Individuals with borderline personality disorder had significantly reduced mean HEP amplitudes compared with healthy individuals (P = .001). Mean HEP amplitudes of individuals with borderline personality disorder in remission were in between those of individuals with borderline personality disorder and healthy individuals (P > .05).
HEP amplitudes negatively correlated with emotional dysregulation (P = .01) and positively associated with grey matter volume in the left anterior insula (P < .05) and the bilateral dorsal anterior cingulate cortex (P < .05).

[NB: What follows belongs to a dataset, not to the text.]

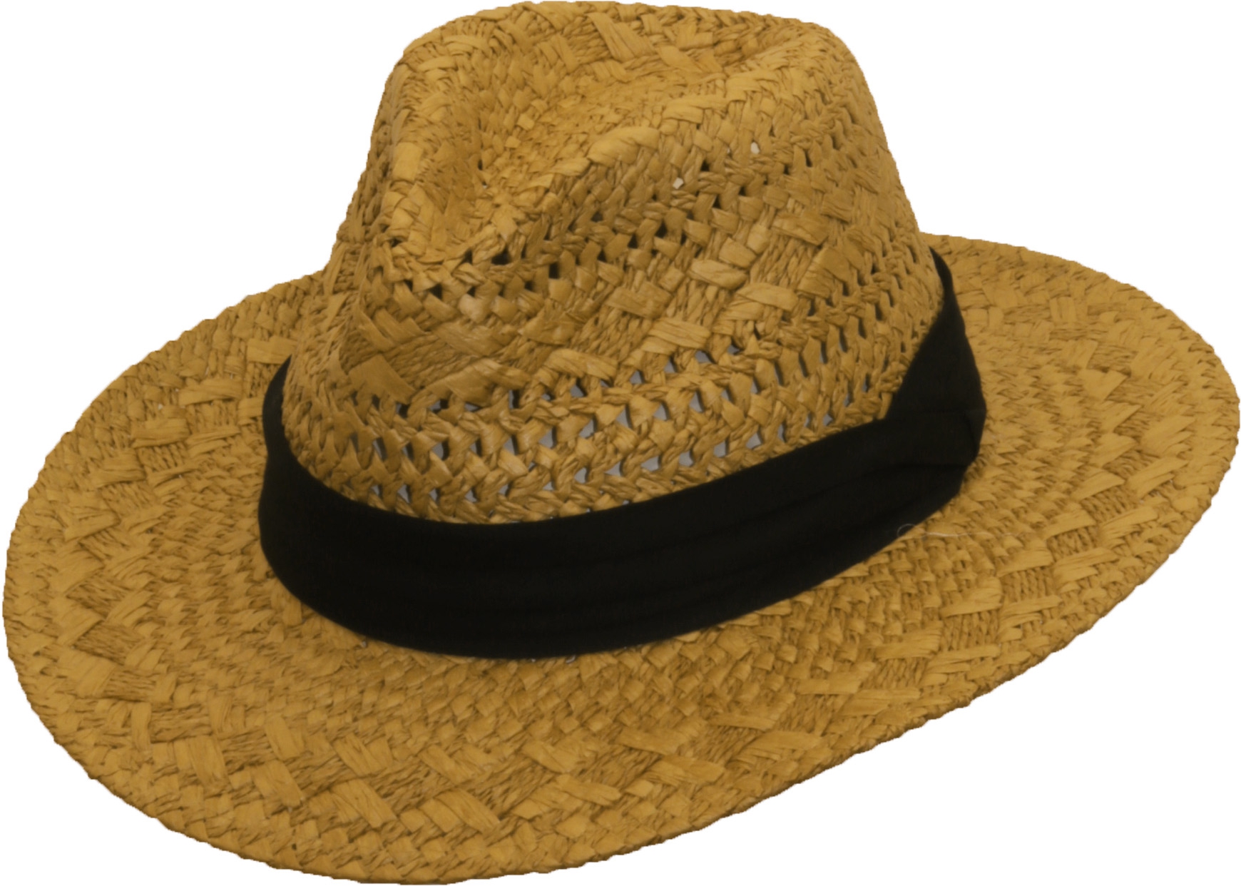 Manado je klasický styl letního klobouku v pěkné přírodní barvě, je ozdoben černou páskou.

“The innovative work of Müller and colleagues highlights the fundamental relevance of interoceptive signaling to a personality disorder characterized by emotional instability. The research also coincides with a new understanding of interoceptive processing and with refinements to the measurement of interoceptive ability from heartbeat detection tests,” Sarah N. Garfinkel, PhD, of the University of Sussex, Brighton, England, and colleagues wrote in an accompanying editorial. “This is an exciting and timely area of research. Interoceptive processes are increasingly considered within affective neuroscience and consciousness research as fundamental influences on human psychology… Comprehensive accounts of psychopathological mechanisms must consider interoception, yet, presently, this knowledge base is limited.” – by Amanda Oldt
Disclosure: The researchers report no relevant financial disclosures.